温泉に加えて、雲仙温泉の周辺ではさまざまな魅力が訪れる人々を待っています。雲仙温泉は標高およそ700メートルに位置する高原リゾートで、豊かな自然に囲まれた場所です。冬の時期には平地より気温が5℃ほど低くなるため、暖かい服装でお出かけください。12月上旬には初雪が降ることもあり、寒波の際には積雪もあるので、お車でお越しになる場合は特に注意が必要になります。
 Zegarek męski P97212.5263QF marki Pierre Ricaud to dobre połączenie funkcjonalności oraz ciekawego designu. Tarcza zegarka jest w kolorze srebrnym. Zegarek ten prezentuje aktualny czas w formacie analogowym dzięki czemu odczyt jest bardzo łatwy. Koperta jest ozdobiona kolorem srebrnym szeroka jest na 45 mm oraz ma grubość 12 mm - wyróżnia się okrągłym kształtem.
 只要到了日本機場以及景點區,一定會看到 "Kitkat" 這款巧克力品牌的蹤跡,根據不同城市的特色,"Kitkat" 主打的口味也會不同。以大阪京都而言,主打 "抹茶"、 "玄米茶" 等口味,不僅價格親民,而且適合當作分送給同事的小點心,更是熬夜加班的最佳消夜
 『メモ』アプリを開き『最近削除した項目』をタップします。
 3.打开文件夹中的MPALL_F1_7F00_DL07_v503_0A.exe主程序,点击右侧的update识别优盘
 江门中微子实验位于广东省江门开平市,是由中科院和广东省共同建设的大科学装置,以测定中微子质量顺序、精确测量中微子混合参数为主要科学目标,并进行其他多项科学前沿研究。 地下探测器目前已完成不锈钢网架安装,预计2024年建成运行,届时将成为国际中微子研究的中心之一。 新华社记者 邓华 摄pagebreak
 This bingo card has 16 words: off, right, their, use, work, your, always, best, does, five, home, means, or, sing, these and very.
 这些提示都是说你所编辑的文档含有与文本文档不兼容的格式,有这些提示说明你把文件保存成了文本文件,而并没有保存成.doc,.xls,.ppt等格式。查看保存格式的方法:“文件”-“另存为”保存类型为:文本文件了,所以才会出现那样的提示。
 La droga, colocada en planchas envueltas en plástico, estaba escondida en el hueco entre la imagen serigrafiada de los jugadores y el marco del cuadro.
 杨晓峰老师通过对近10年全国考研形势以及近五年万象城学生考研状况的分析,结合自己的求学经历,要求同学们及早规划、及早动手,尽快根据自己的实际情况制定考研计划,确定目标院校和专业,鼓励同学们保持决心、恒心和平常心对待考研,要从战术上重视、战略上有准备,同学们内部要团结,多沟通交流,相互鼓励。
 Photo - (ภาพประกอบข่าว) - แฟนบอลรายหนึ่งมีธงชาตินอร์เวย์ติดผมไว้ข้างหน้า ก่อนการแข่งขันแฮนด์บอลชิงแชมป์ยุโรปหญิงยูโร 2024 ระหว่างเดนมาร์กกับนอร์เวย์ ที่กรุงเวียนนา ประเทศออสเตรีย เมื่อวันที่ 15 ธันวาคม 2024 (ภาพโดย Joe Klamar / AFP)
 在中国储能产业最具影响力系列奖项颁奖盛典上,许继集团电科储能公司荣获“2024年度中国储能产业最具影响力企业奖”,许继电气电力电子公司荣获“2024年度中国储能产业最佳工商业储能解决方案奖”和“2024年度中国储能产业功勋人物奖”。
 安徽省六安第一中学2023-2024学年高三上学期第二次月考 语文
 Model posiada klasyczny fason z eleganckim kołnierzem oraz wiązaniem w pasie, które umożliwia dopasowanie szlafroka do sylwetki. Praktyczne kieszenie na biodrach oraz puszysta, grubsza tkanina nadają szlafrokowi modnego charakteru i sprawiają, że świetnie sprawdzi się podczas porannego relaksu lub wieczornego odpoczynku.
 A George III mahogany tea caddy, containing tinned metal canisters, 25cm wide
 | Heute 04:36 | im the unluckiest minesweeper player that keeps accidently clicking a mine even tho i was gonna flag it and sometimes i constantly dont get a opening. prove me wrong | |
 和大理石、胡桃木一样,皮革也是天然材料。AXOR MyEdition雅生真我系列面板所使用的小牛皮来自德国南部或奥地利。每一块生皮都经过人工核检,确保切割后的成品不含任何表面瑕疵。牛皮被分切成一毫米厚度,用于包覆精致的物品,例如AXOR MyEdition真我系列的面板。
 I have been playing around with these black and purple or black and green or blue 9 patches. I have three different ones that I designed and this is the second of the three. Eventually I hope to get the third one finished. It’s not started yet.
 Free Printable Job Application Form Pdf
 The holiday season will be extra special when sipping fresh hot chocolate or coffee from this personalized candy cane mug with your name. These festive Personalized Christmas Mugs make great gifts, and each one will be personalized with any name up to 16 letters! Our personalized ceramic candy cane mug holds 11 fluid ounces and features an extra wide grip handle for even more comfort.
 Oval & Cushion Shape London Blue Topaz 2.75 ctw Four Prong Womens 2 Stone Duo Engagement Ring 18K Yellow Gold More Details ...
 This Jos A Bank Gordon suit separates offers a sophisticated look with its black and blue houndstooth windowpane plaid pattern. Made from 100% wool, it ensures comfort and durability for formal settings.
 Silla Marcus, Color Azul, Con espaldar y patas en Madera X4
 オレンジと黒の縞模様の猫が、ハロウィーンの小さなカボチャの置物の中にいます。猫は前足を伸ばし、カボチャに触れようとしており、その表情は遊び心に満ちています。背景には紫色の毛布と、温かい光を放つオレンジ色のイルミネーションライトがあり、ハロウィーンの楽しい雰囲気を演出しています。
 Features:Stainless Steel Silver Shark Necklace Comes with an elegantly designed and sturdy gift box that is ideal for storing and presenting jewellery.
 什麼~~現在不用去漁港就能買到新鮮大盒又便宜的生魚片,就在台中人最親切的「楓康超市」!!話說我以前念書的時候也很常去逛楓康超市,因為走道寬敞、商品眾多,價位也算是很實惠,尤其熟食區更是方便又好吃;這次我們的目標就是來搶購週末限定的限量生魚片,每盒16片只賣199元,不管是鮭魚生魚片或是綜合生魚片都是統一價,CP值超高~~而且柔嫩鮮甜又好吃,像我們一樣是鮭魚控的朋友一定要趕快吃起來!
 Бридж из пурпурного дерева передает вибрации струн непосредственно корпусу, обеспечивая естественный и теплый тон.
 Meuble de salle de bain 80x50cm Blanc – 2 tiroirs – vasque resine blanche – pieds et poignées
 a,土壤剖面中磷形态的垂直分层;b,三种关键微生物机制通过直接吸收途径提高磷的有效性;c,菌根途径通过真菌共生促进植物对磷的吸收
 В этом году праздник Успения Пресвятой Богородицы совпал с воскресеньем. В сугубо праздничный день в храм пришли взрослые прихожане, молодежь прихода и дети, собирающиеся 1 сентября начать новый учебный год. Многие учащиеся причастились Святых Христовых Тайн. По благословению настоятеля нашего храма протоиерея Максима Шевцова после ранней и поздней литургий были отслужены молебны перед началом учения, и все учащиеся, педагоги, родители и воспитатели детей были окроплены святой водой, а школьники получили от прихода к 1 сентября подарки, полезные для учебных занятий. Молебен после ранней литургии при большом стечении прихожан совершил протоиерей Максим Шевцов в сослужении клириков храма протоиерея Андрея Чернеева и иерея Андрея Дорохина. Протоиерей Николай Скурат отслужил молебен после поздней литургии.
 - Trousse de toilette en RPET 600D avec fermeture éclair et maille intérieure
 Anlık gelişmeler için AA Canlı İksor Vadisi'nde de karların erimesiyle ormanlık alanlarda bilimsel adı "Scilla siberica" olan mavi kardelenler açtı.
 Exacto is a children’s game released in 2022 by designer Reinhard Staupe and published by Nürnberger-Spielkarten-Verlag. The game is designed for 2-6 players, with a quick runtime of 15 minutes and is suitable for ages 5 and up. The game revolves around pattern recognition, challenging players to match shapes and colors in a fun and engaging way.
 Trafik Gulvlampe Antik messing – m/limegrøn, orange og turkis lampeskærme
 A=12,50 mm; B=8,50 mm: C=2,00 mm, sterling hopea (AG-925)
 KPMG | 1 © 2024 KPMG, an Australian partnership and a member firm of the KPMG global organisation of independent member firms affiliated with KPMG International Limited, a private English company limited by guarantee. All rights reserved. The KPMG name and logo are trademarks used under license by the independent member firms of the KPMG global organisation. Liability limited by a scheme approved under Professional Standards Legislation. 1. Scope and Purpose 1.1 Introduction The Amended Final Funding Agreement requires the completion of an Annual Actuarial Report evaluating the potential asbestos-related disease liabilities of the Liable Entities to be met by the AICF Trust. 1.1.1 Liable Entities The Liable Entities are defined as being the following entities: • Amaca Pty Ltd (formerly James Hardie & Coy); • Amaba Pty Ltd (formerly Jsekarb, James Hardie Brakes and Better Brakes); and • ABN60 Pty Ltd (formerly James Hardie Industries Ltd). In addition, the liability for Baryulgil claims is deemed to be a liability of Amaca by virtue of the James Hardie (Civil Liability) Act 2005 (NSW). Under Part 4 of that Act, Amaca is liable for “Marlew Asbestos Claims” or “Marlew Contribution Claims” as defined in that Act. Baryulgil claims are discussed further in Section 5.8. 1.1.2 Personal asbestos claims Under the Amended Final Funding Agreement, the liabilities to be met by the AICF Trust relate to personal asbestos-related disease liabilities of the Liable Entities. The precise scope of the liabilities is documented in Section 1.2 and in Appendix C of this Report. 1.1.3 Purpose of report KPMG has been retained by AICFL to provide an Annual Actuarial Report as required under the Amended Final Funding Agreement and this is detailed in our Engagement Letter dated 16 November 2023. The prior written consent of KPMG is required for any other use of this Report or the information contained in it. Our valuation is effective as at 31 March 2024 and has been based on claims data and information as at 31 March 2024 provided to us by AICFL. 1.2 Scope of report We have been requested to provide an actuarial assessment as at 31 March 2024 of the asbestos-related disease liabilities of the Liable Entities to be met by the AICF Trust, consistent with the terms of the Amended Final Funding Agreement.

┄┄┄┄┄┄

*What you are asked to do*.
Tally the lines above containing "pattern". Answer with the count only.

*Output of the exercise*.
2